◆ What is being asked
When the line with "玩具木马 点此上传花版兑乐绣币/现金 emb花版参数: 大小:91.50" turns up below, begin repeating exactly, and carry on through the line with "저는 86% 상태에서"; no pictures go into the copy.

◆ Data
● ● ●
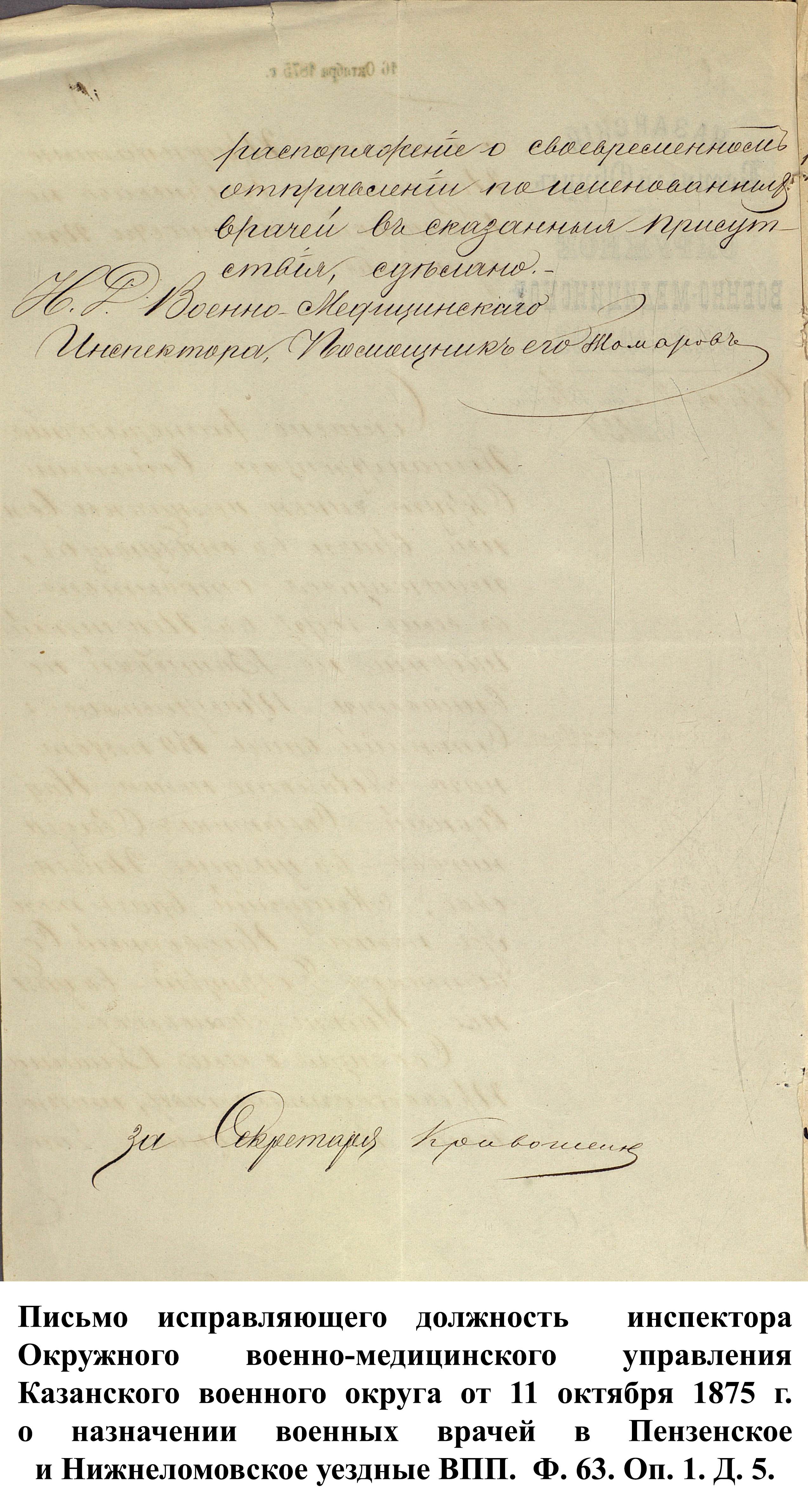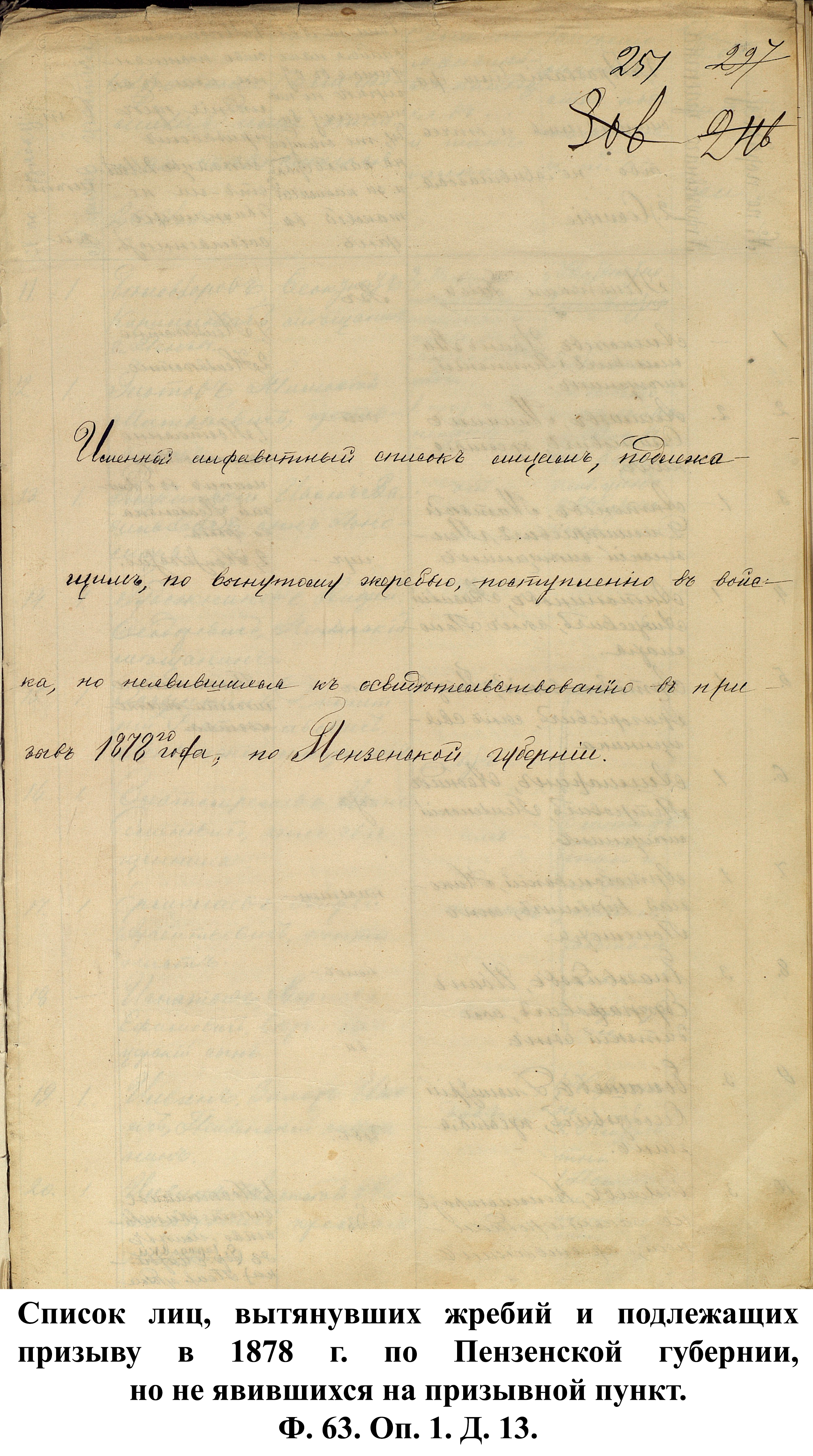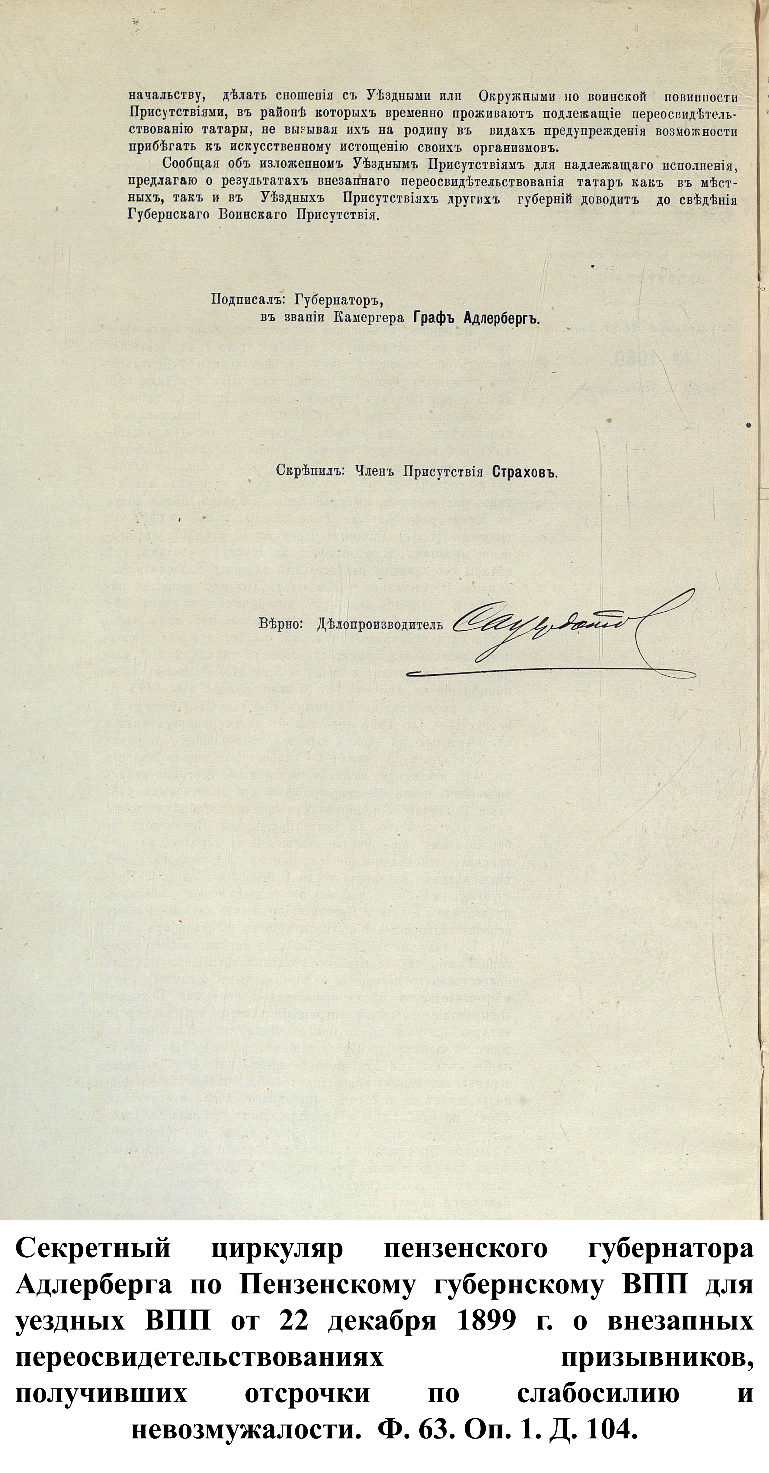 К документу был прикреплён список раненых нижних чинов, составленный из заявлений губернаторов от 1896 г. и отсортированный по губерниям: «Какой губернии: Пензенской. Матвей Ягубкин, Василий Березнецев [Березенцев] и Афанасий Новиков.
● ● ●
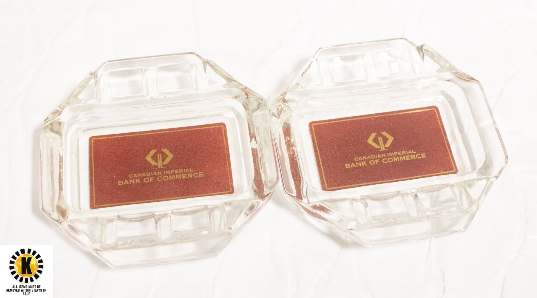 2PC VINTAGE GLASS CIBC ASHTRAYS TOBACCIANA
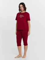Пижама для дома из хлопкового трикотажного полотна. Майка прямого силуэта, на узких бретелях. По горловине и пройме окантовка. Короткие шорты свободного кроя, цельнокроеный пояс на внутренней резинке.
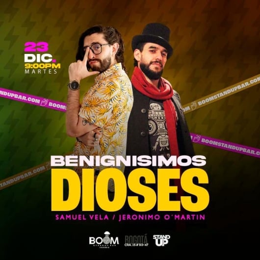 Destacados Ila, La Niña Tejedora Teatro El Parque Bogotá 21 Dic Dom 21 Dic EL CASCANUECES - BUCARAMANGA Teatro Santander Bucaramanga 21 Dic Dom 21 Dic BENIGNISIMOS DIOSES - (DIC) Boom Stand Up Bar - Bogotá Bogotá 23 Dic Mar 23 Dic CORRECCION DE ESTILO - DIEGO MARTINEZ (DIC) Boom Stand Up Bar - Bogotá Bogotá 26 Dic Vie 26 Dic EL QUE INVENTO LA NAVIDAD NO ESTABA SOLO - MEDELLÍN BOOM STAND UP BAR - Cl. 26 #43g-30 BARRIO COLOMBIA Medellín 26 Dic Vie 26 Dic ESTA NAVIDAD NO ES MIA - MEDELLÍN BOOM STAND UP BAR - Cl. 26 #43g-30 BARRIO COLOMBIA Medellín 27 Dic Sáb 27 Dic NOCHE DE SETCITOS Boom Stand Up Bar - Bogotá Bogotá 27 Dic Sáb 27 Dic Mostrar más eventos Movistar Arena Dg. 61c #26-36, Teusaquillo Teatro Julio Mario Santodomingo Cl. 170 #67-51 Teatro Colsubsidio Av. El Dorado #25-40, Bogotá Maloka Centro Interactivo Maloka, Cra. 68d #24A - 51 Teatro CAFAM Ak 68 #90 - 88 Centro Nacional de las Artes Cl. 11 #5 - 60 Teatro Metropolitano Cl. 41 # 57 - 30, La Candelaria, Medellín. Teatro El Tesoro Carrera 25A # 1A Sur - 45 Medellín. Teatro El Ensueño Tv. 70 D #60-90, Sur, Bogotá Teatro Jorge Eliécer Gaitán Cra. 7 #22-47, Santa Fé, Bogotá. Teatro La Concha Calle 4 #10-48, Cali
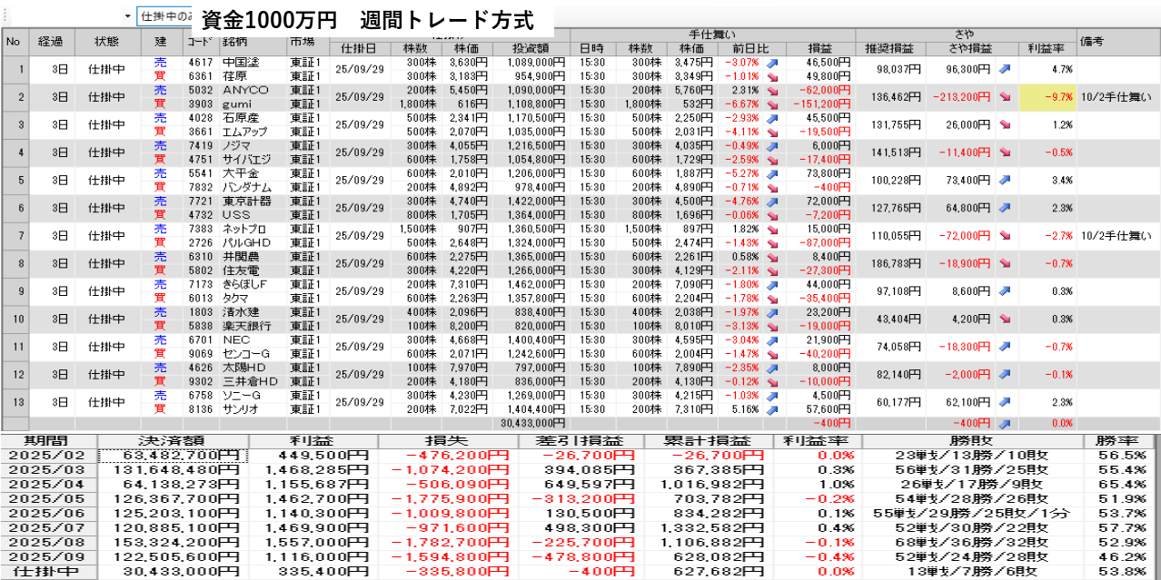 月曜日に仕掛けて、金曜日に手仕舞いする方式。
● ● ●
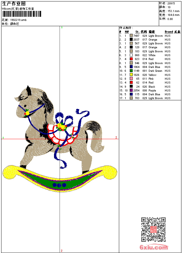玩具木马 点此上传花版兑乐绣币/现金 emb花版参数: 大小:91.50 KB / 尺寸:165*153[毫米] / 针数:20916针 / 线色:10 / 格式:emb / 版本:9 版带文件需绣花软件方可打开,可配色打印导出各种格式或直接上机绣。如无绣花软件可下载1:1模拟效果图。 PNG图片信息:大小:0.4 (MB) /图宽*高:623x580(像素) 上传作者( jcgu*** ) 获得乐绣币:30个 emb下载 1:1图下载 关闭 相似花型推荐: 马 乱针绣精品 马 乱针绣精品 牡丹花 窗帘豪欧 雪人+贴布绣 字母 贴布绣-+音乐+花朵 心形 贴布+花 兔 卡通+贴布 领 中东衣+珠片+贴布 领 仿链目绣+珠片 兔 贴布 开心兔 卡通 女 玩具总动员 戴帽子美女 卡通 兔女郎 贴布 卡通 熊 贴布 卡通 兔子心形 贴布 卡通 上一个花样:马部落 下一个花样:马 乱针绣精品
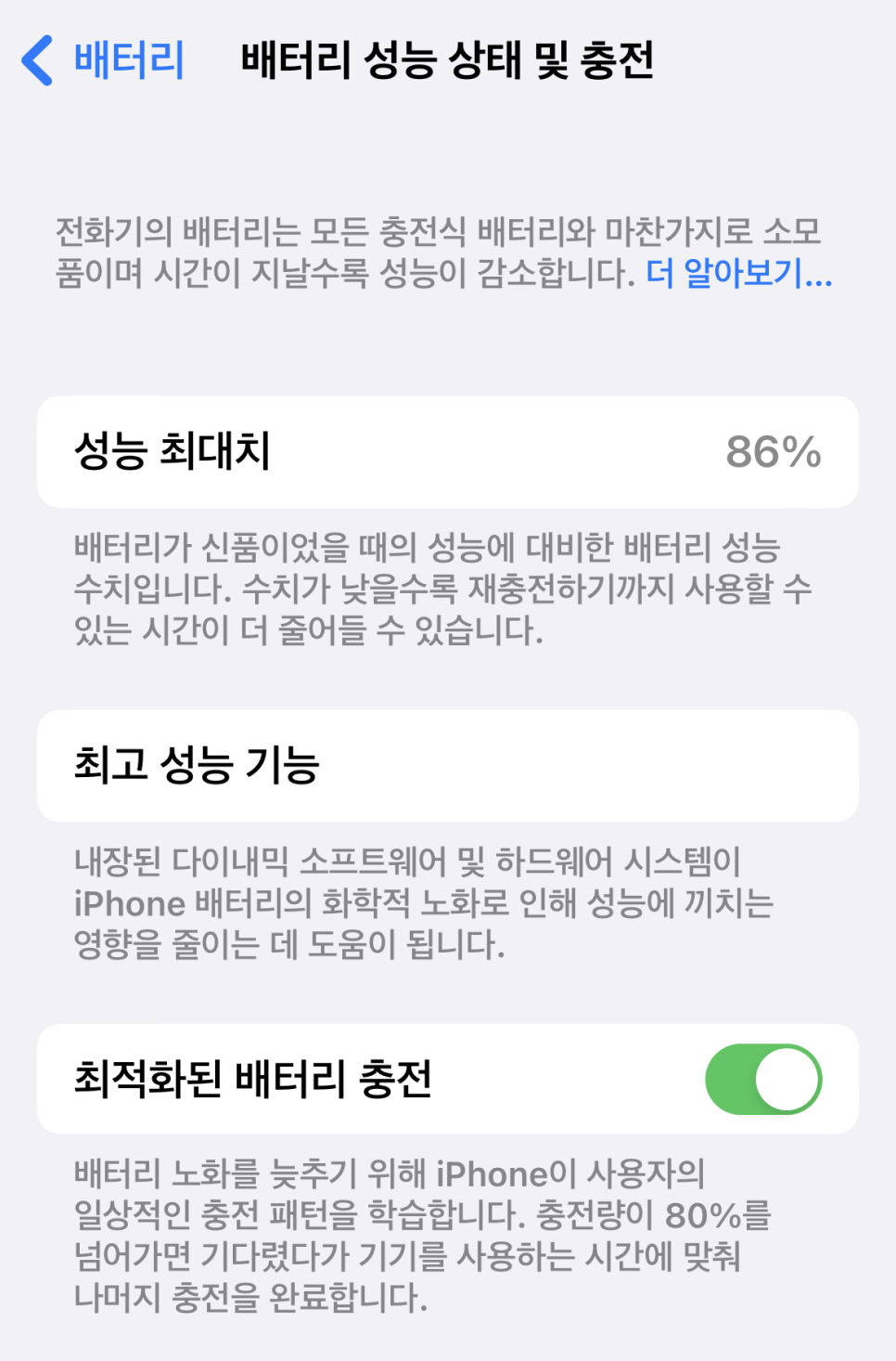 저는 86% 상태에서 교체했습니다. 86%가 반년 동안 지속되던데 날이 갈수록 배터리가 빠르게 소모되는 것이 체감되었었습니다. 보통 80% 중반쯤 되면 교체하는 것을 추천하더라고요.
● ● ●
◆ Response box
玩具木马 点此上传花版兑乐绣币/现金 emb花版参数: 大小:91.50 KB / 尺寸:165*153[毫米] / 针数:20916针 / 线色:10 / 格式:emb / 版本:9 版带文件需绣花软件方可打开,可配色打印导出各种格式或直接上机绣。如无绣花软件可下载1:1模拟效果图。 PNG图片信息:大小:0.4 (MB) /图宽*高:623x580(像素) 上传作者( jcgu*** ) 获得乐绣币:30个 emb下载 1:1图下载 关闭 相似花型推荐: 马 乱针绣精品 马 乱针绣精品 牡丹花 窗帘豪欧 雪人+贴布绣 字母 贴布绣-+音乐+花朵 心形 贴布+花 兔 卡通+贴布 领 中东衣+珠片+贴布 领 仿链目绣+珠片 兔 贴布 开心兔 卡通 女 玩具总动员 戴帽子美女 卡通 兔女郎 贴布 卡通 熊 贴布 卡通 兔子心形 贴布 卡通 上一个花样:马部落 下一个花样:马 乱针绣精品
 저는 86% 상태에서 교체했습니다. 86%가 반년 동안 지속되던데 날이 갈수록 배터리가 빠르게 소모되는 것이 체감되었었습니다. 보통 80% 중반쯤 되면 교체하는 것을 추천하더라고요.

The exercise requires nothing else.